- **WORK TO COMPLETE**
All entries below need to be written out exactly, but without their pictures.
━━━━━━━━
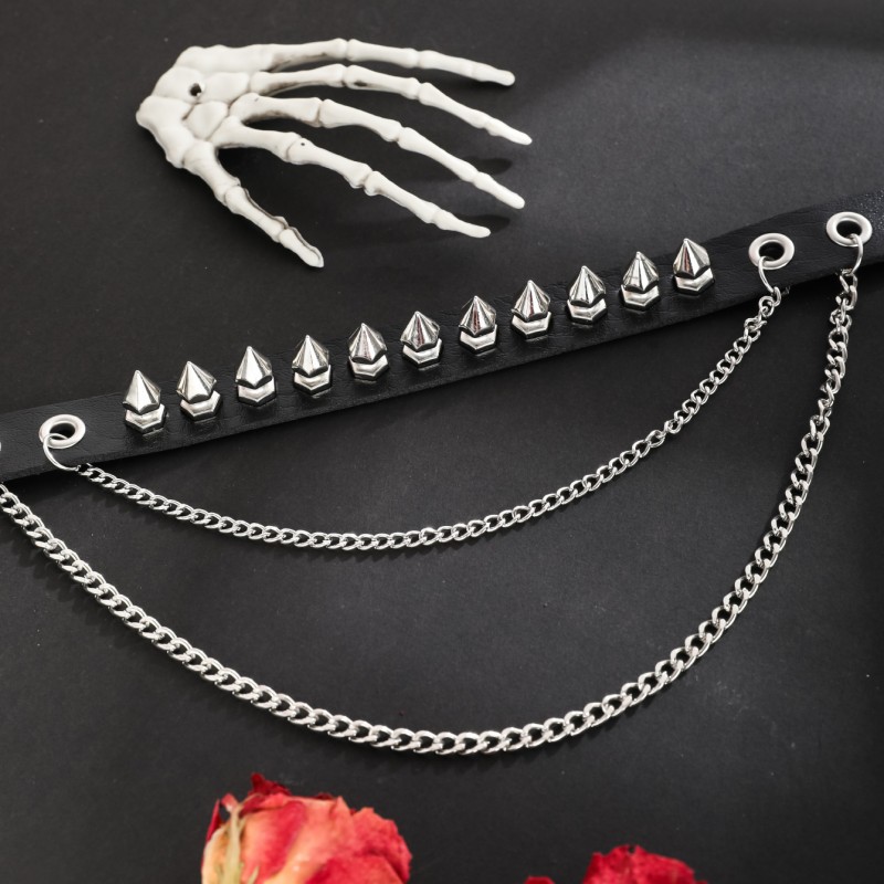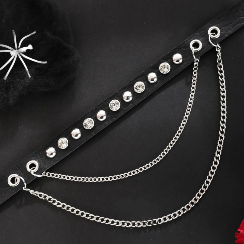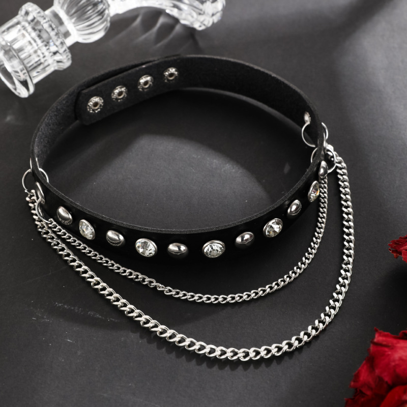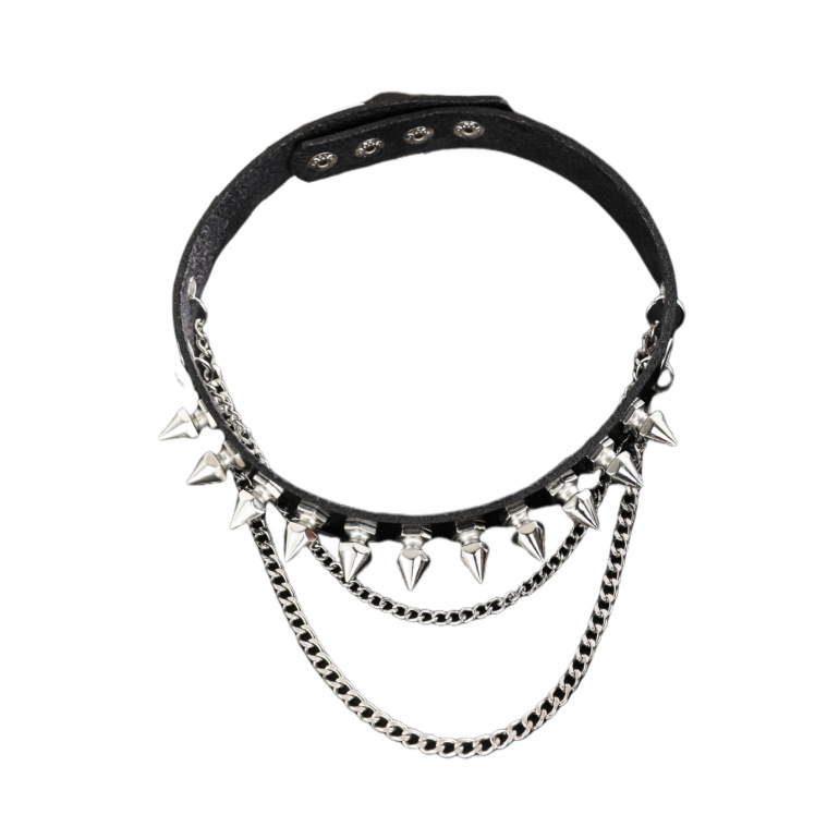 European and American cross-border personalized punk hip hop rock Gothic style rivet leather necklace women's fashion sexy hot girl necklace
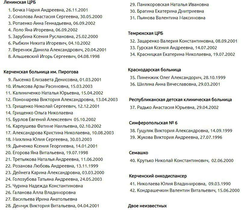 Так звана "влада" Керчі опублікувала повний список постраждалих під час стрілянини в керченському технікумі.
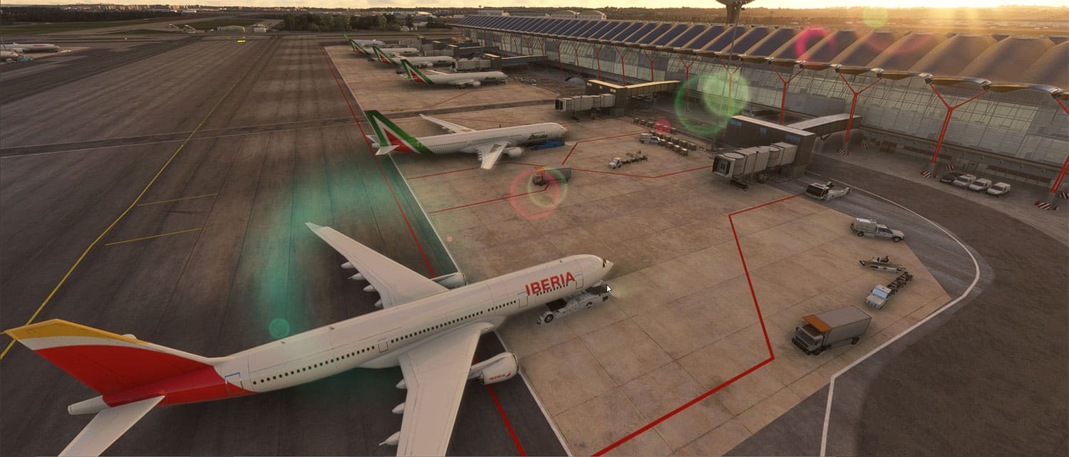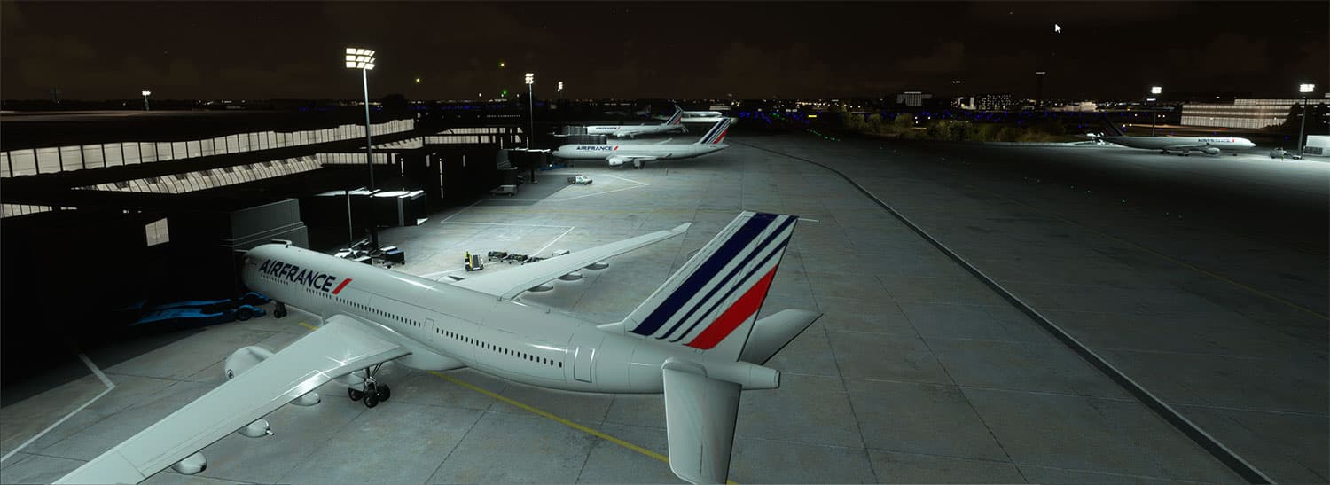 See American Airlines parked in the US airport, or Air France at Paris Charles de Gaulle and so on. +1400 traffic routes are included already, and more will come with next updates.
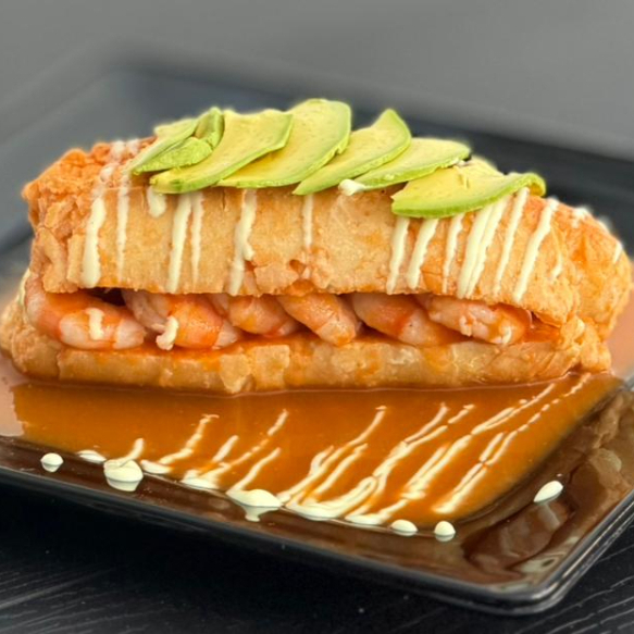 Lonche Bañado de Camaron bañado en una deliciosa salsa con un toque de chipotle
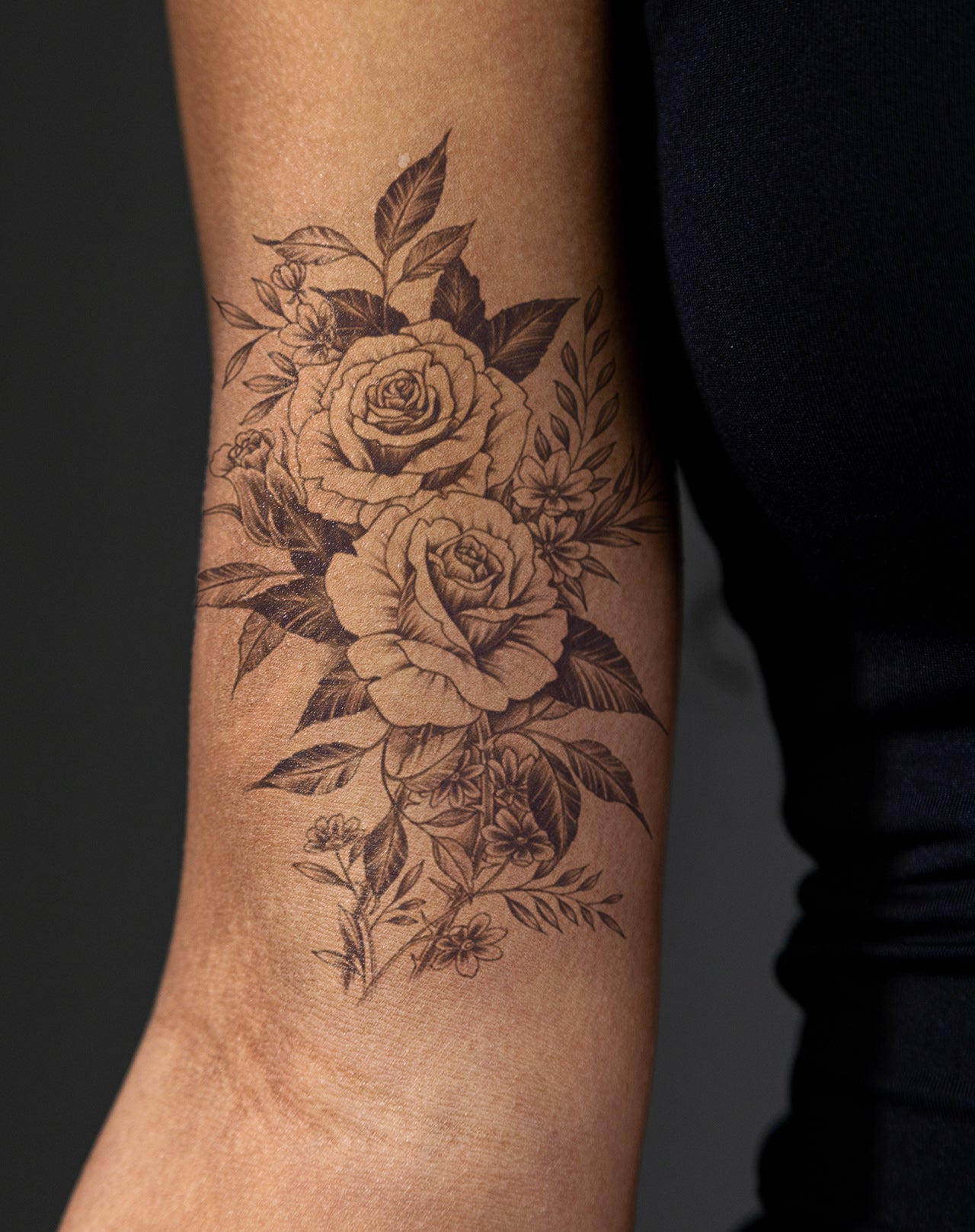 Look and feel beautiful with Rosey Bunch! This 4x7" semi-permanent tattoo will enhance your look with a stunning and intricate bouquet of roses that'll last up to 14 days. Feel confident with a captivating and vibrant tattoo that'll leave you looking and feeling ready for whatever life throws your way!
━━━━━━━━
- **RESULT OF THE TASK**
 European and American cross-border personalized punk hip hop rock Gothic style rivet leather necklace women's fashion sexy hot girl necklace
 Так звана "влада" Керчі опублікувала повний список постраждалих під час стрілянини в керченському технікумі.
 See American Airlines parked in the US airport, or Air France at Paris Charles de Gaulle and so on. +1400 traffic routes are included already, and more will come with next updates.
 Lonche Bañado de Camaron bañado en una deliciosa salsa con un toque de chipotle
 Look and feel beautiful with Rosey Bunch! This 4x7" semi-permanent tattoo will enhance your look with a stunning and intricate bouquet of roses that'll last up to 14 days. Feel confident with a captivating and vibrant tattoo that'll leave you looking and feeling ready for whatever life throws your way!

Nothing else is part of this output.